Porting to GCC 8

The GCC 8 release series differs from previous GCC releases in a number of ways. Some of these are a result of bug fixing, and some old behaviors have been intentionally changed to support new standards, or relaxed in standards-conforming ways to facilitate compilation or run-time performance.

Some of these changes are user visible and can cause grief when porting to GCC 8. This document is an effort to identify common issues and provide solutions. Let us know if you have suggestions for improvements!

C++ language issues

-Wreturn-type is enabled by default

G++ now assumes that control never reaches the end of a non-void function (i.e. without reaching a return statement). This means that you should always pay attention to -Wreturn-type warnings, as they indicate code that can misbehave when optimized.

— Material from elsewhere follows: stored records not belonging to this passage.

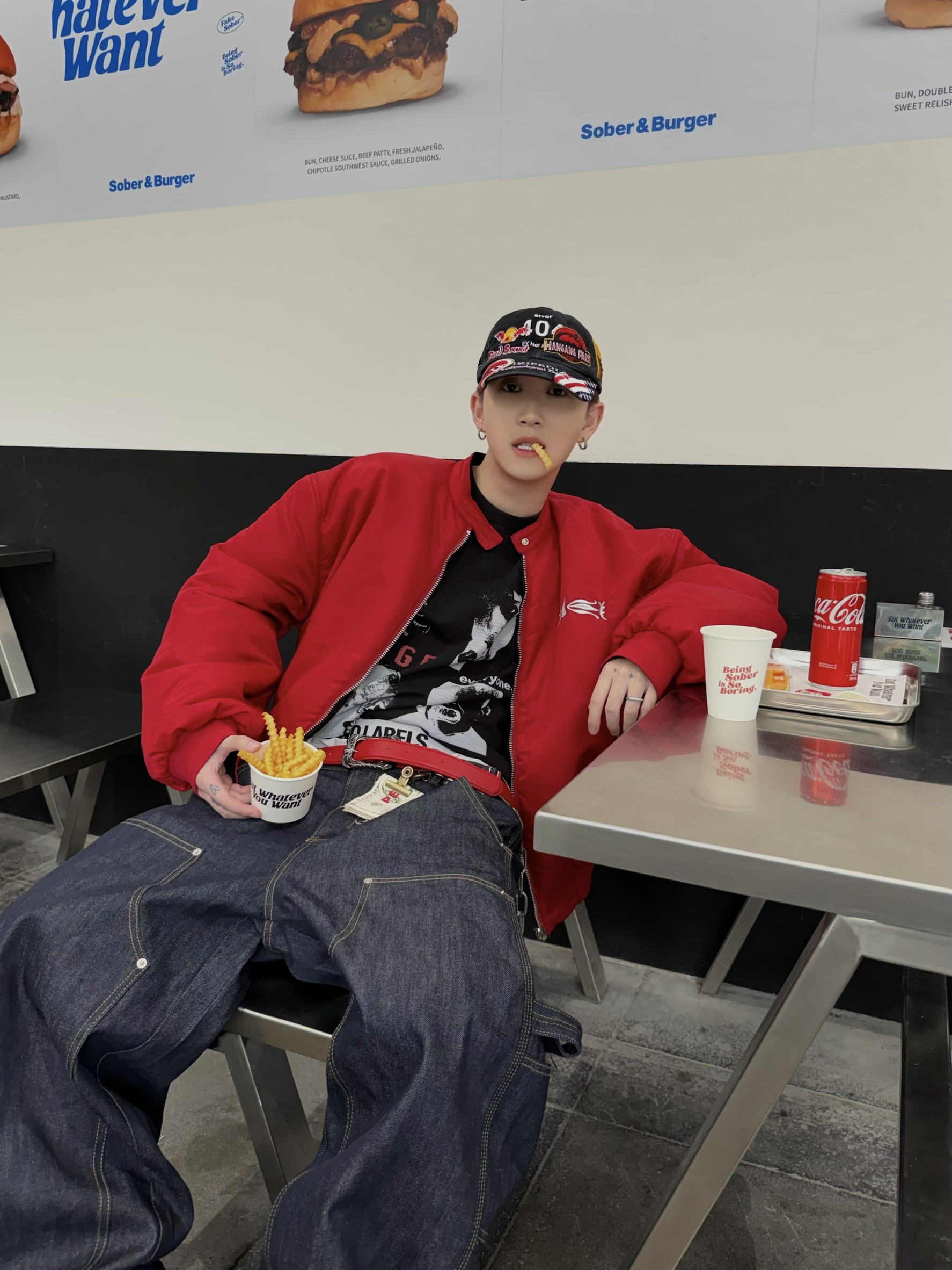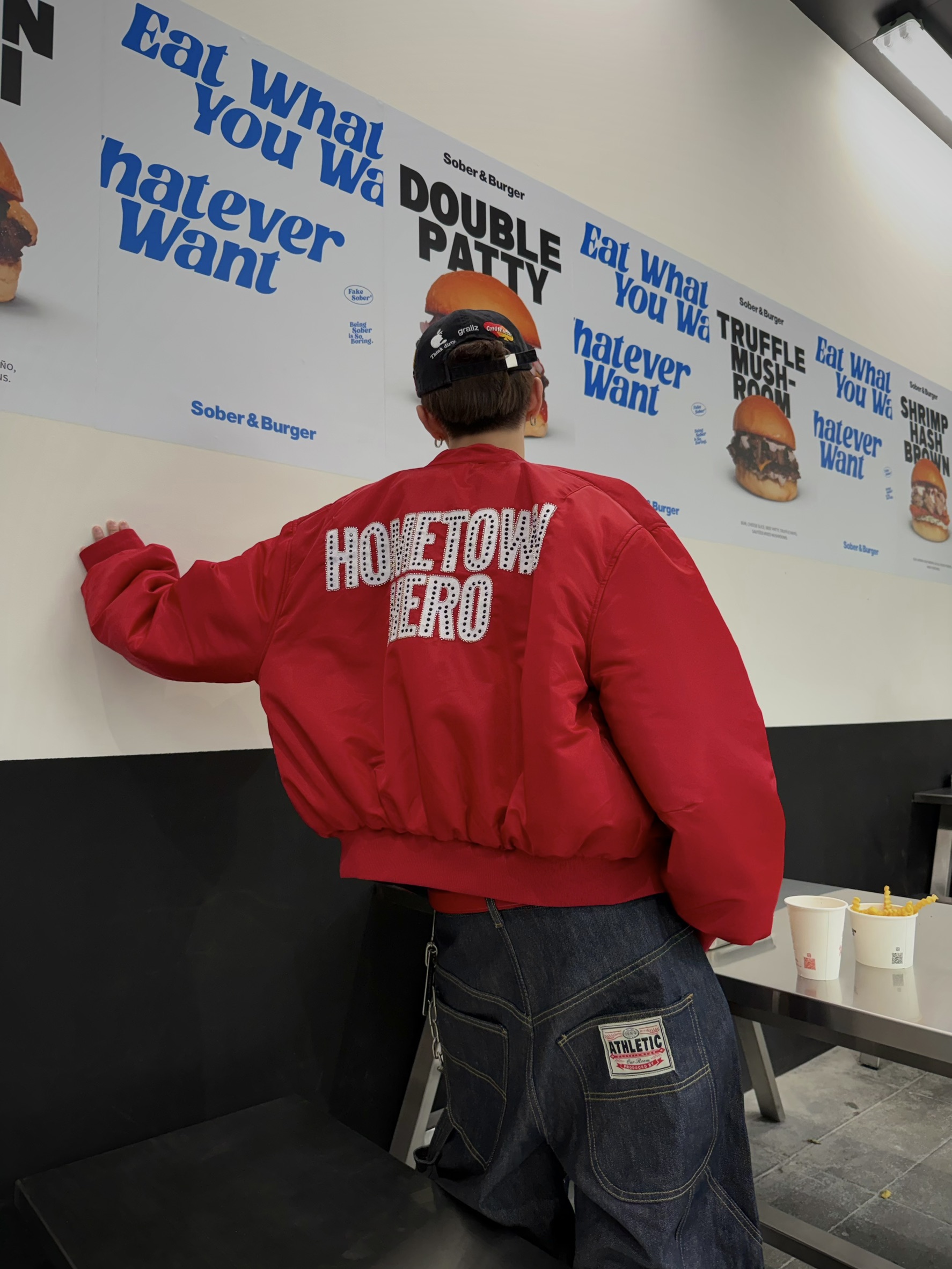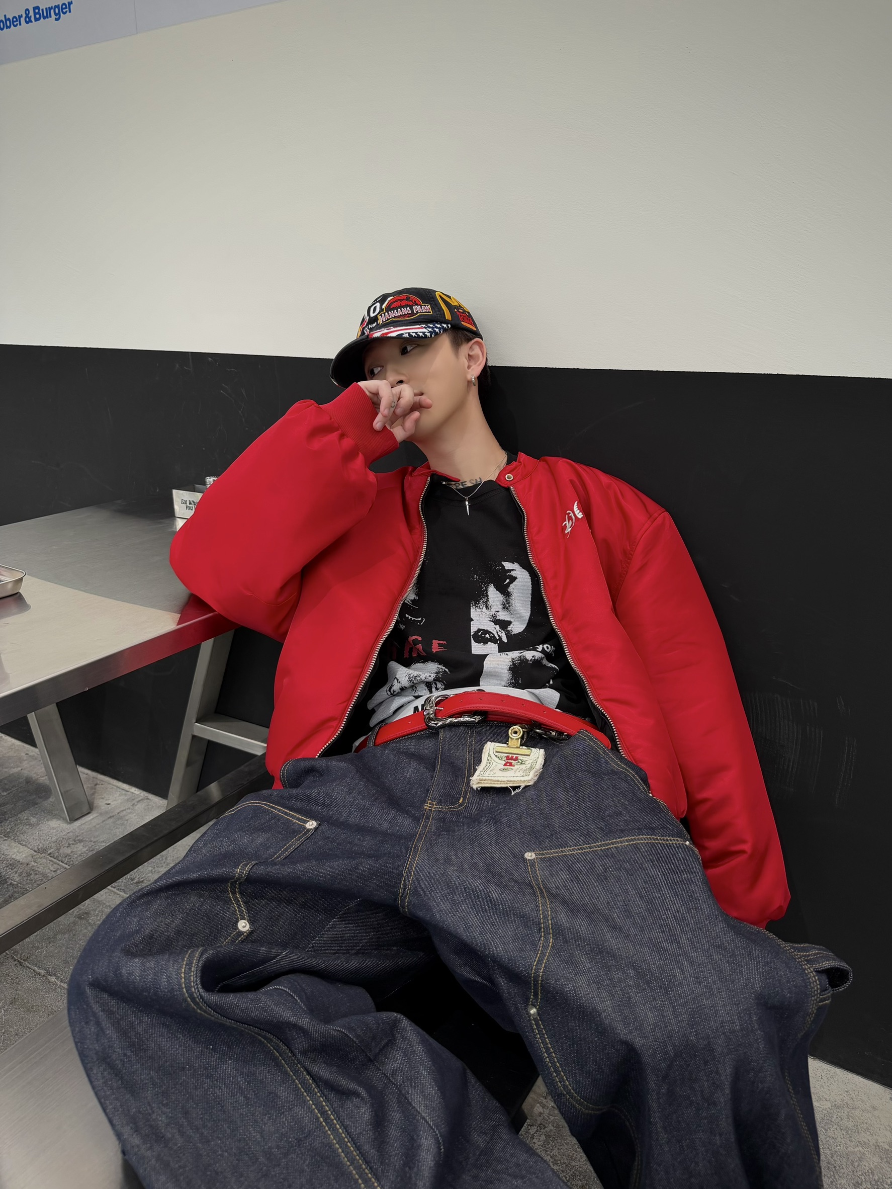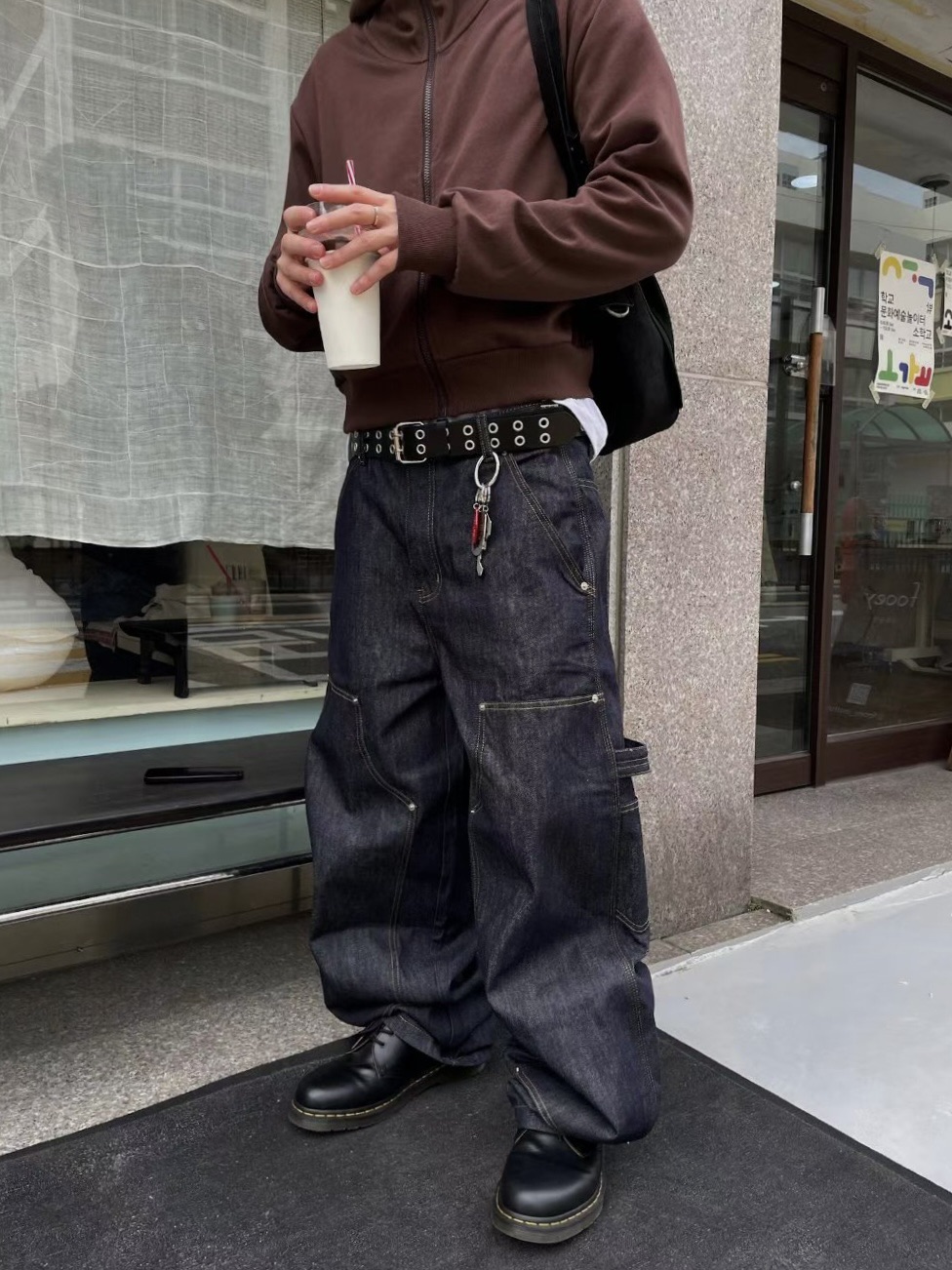 韓國 ATHLETIC 設計感 小標 皺摺感 立體 硬挺 丹寧 寬版 牛仔褲 (Grailz聯名可參考)
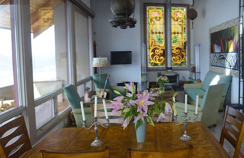 Elegant + chic 1970’s 2 bd/2 bath home with a sleeping loft in exclusive neighborhood 10 mins from Aspen. Outrageous views on 5 secluded acres. Cathedral ceilings, floor to ceiling glass windows, vintage stained glass and conversational art give this unique home fantastic entertainment possibilities.
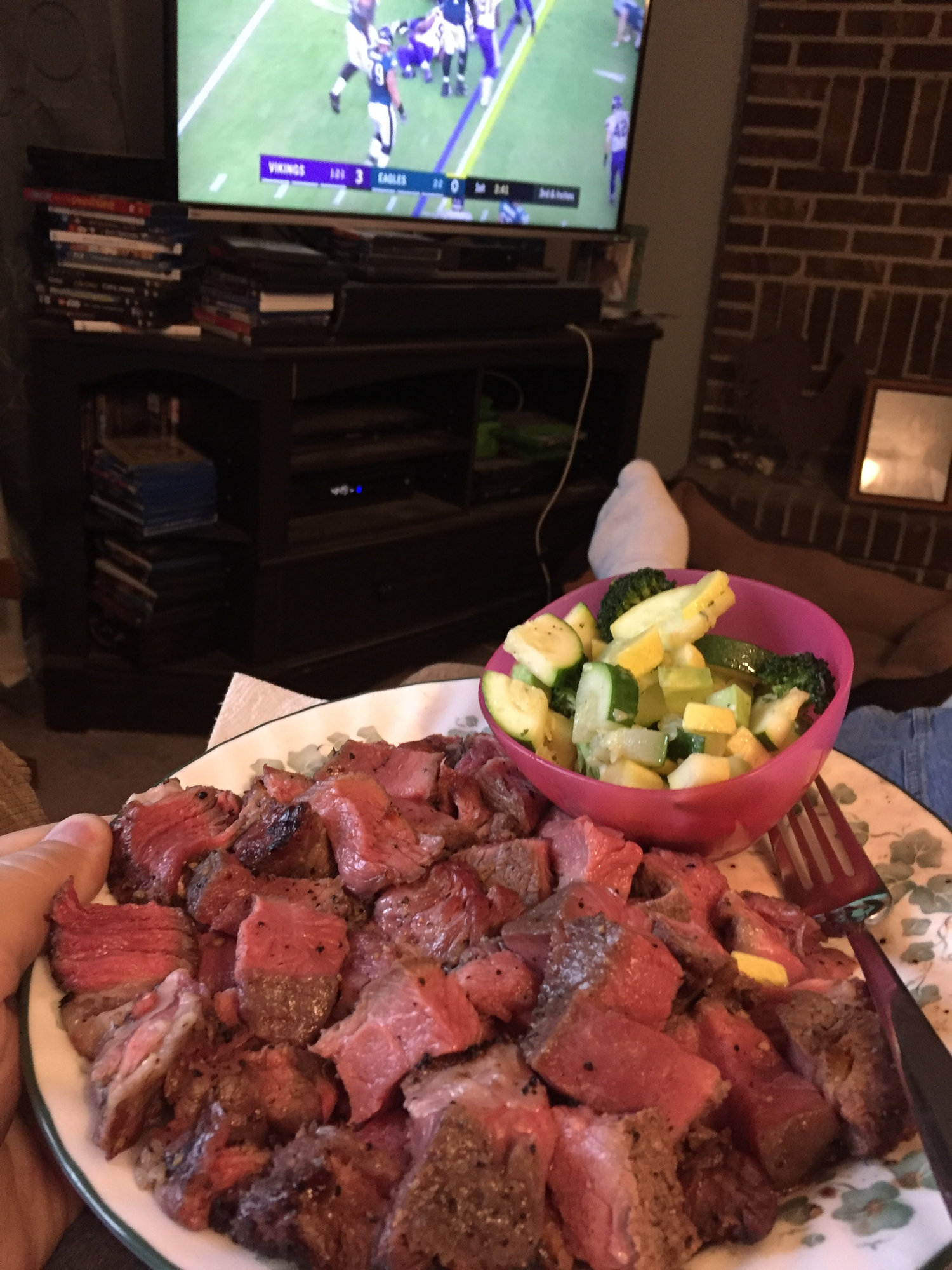 Rare steak & football!   Wilma’s was medium cuz that’s how she likes it.   Happy Sunday!
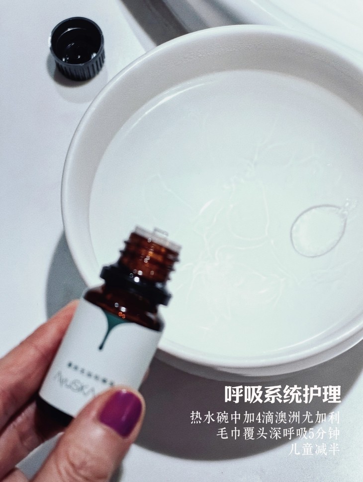 蒸汽吸入:4滴澳洲尤加利加入1盆热水中,毛巾覆头深呼吸5分钟,缓解急性鼻塞。
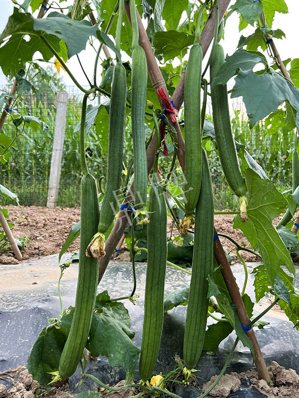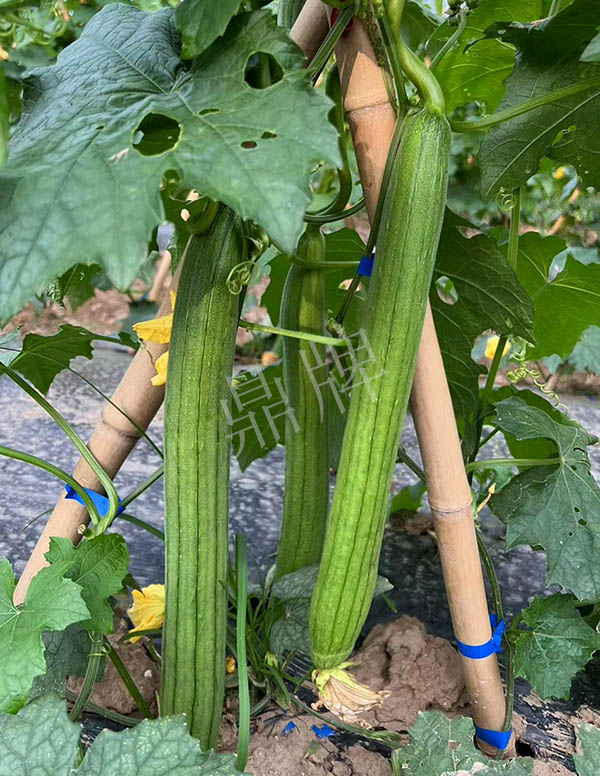 反交種子,極早熟,果皮更翠綠,坐果更多,產(chǎn)量更高;果長(zhǎng)45~50厘米,果重約400克,品味好。用種:15袋/畝。
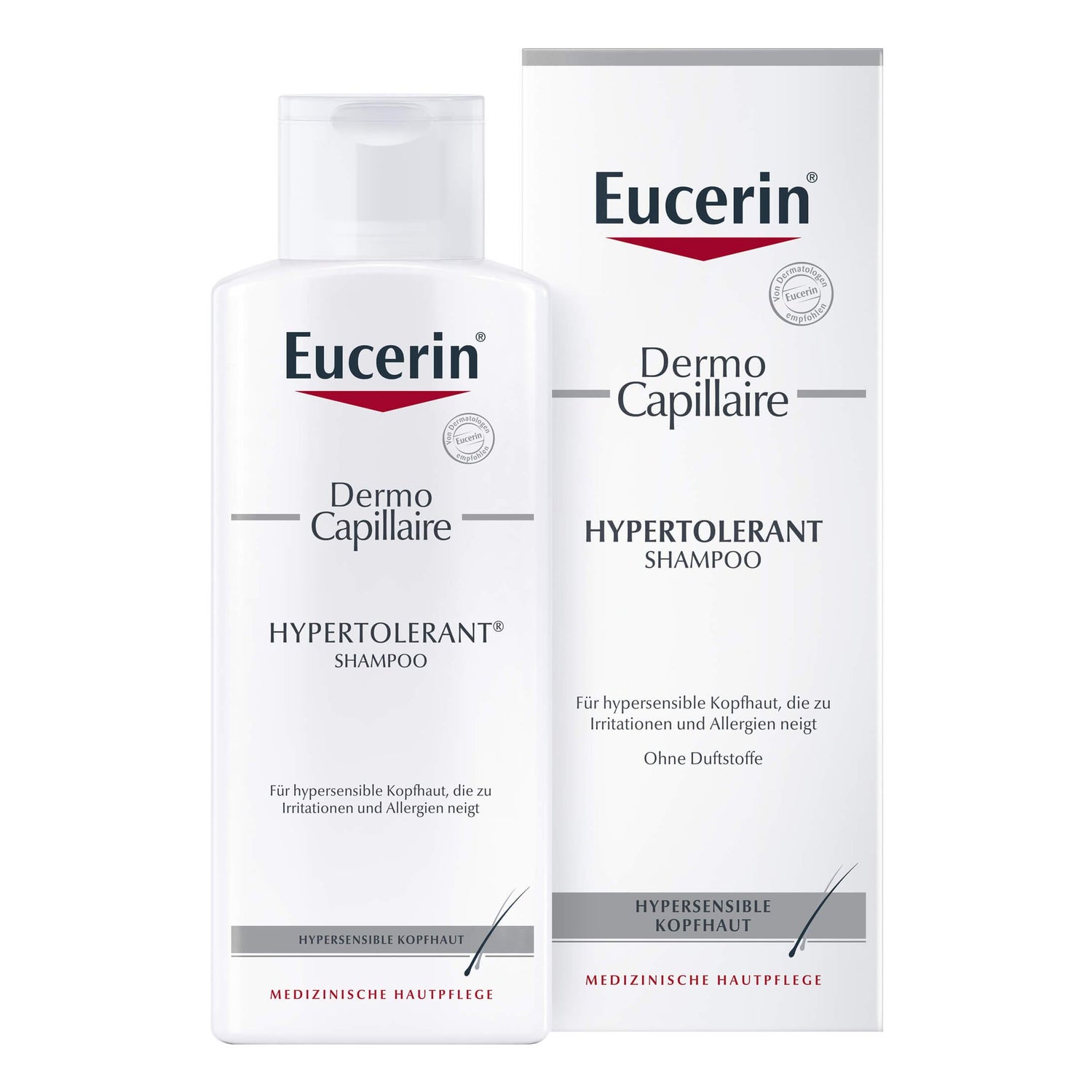 Eucerin Dermo Capillaire Champú Alta Tolerancia mejora el cuero cabelludo. Limpia suavemente el cuero cabelludo y el cabello. Contiene Bisabolol calmante. Alivia la sensación de picor, reduce la sensación de tirantez y el sobrecalentamiento del cuero cabelludo y alivia la irritación.
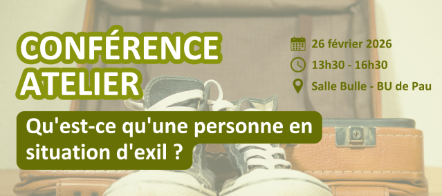 Conférence atelier "Qu'est-ce qu'une personne en situation d'exil ?"Campus de Pau - salle Bulle, bibliothèque universitaire
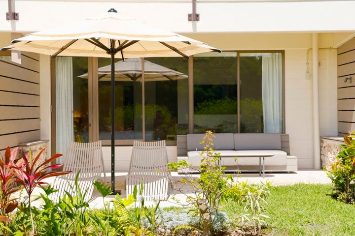 また、今回リニューアルした「ガーデンテラス・プレミアム」にも注目! 40㎡の広々としたプライベートガーデンを備えた客室は、リゾート感溢れる植栽やサンラウンジャーを配置。プールやアクティビティでひと遊びした後のリラックスタイムを、この素敵な空間でゆっくり過ごして。
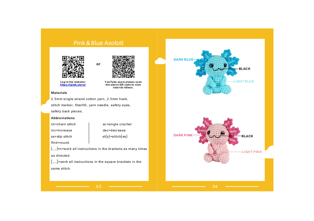 Crochet Kit|Mini Pink and Blue Axolotl

To tell the compiler that control can never reach the end of a function (e.g. because all callers enforce its preconditions) you can suppress -Wreturn-type warnings by adding __builtin_unreachable:


      char signchar(int i) // precondition: i != 0
      {
        if (i > 0)
          return '+';
        else if (i < 0)
          return '-';
        __builtin_unreachable();
      }
  

Because -Wreturn-type is now enabled by default, G++ will warn if main is declared with an implicit int return type (which is non-standard but allowed by GCC). To avoid the warning simply add a return type to main, which makes the code more portable anyway.

Stricter rules when using templates

G++ now diagnoses even more cases of ill-formed templates which can never be instantiated (in addition to the stricter rules in GCC 7). The following example will now be diagnosed by G++ because the type of B<T>::a does not depend on T and so the function B<T>::f is ill-formed for every possible instantiation of the template:


      class A { };
      template <typename T> struct B {
        bool f() const { return a; }
        A a;
      };
  
In member function 'bool B<T>::f() const':
error: cannot convert 'const A' to 'bool' in return
   bool f() const { return a; }
                           ^

Ill-formed template code that has never been tested and can never be instantiated should be fixed or removed.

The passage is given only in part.